Start of Block

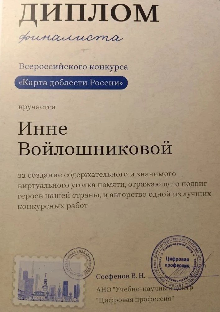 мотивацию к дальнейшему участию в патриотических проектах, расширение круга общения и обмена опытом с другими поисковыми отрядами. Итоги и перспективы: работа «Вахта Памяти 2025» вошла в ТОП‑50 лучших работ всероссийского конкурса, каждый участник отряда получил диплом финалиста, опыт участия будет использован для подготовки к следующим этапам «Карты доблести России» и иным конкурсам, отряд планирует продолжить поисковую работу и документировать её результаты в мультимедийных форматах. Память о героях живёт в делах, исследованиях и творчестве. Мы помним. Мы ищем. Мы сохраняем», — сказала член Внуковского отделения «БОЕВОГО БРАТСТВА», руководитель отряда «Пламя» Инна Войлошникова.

End of Block
Start of Block

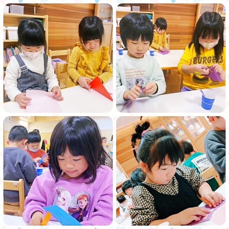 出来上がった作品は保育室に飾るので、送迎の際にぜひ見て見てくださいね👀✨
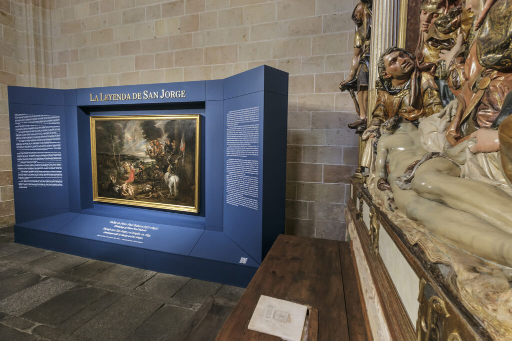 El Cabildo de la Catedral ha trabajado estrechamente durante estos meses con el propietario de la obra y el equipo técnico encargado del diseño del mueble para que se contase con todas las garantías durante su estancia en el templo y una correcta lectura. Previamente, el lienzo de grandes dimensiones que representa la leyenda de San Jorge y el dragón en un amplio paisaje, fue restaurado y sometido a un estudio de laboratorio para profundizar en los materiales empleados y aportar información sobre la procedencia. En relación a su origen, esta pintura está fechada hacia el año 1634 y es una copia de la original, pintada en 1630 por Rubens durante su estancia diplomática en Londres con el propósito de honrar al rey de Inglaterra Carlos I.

End of Block
Start of Block

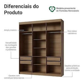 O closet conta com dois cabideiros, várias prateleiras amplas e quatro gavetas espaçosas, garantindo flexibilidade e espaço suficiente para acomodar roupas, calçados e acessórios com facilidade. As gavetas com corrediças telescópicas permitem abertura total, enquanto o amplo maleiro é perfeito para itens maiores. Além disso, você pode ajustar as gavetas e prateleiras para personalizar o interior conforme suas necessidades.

End of Block

## EXERCISE DESCRIPTION
In the listing above, find the line containing "出来上がった作品は保育室に飾るので、送迎の際にぜひ見て見てくださいね👀✨" and the line containing "El Cabildo de", then print exactly those two lines and every line between them, minus the pictures.

## OUTPUT BELOW
 出来上がった作品は保育室に飾るので、送迎の際にぜひ見て見てくださいね👀✨
 El Cabildo de la Catedral ha trabajado estrechamente durante estos meses con el propietario de la obra y el equipo técnico encargado del diseño del mueble para que se contase con todas las garantías durante su estancia en el templo y una correcta lectura. Previamente, el lienzo de grandes dimensiones que representa la leyenda de San Jorge y el dragón en un amplio paisaje, fue restaurado y sometido a un estudio de laboratorio para profundizar en los materiales empleados y aportar información sobre la procedencia. En relación a su origen, esta pintura está fechada hacia el año 1634 y es una copia de la original, pintada en 1630 por Rubens durante su estancia diplomática en Londres con el propósito de honrar al rey de Inglaterra Carlos I.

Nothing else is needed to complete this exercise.